The cache memory includes a cache buffer and a cache table. In one embodiment, the cache buffer can store up to 192K bytes of data. The cache table maintains a list of the data present in the cache buffer by recording the starting addresses of the data retrieved from the disk. When the controller receives a write instruction that corresponds to addresses present in the cache memory, it updates the cache table such that it no longer indicates the data is present within the buffer. This prevents old data from being read from the cache buffer.
When the controller receives a read instruction, it refers to the cache table to determine whether the requested data is present in the cache buffer. If the data is not present in the cache buffer (cache miss), the controller retrieves the data from the disk and relays the data to the host computer. The controller also loads the data into the cache buffer and updates the cache table. A cache hit occurs when the data requested by the host computer is present in the cache buffer. In this situation, the controller retrieves the information directly from the buffer and transmits the data to the host computer. The ratio of cache hits to cache misses is a measure of cache memory performance.
In a multi-segment cache, the cache buffer is divided into segments. The number of segments in the cache buffer is known as the segmentation level. By segmenting the cache buffer, the controller can perform "look ahead" operations by retrieving excess blocks to fill an entire segment. Because memory operations tend to form repetitive and somewhat predictable patterns, the host computer will likely request data from the next consecutive blocks. The segmentation level determines the number of blocks in each segment and therefore determines the number of excess blocks retrieved. The greater the segmentation level, the smaller the number of blocks in each segment. Performance of the cache memory may be controlled by controlling the number of excess blocks retrieved in a read operation.
The optimum segmentation level depends upon the particular software application running on the host computer.
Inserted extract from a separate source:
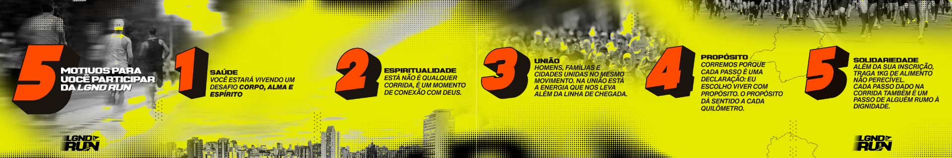 A Legendários Run – LGND RUN – é o circuito oficial do Grupo Legendários, um movimento que inspira famílias a viverem com propósito, fé e disciplina. Mais do que um evento esportivo, é uma experiência completa de conexão, superação e comunhão cristã. Antes e depois da prova, momentos de oração, louvor e reflexão reforçam o verdadeiro sentido da jornada — dentro e fora das pistas.

Because the host computer frequently switches between various applications, a selected segmentation level may not achieve the desired performance over a wide range of applications. Therefore, a cache having an adaptive segment control is desired.
Heuristic programming is one method of controlling segmentation level. A statistical performance analysis is performed on the cache memory and these results are applied to a set of rules. The variables applied to the rules include, among others, the number of blocks in each read that are a cache hit and the number of blocks that are a cache miss. However, there is simply not enough information in past statistical performance to predict a preferred segment level. Because there are many exceptions to the rules, heuristic programs do not provide accurate, dependable results. Therefore, there is a continuing need for a multi-segment cache having improved segment control.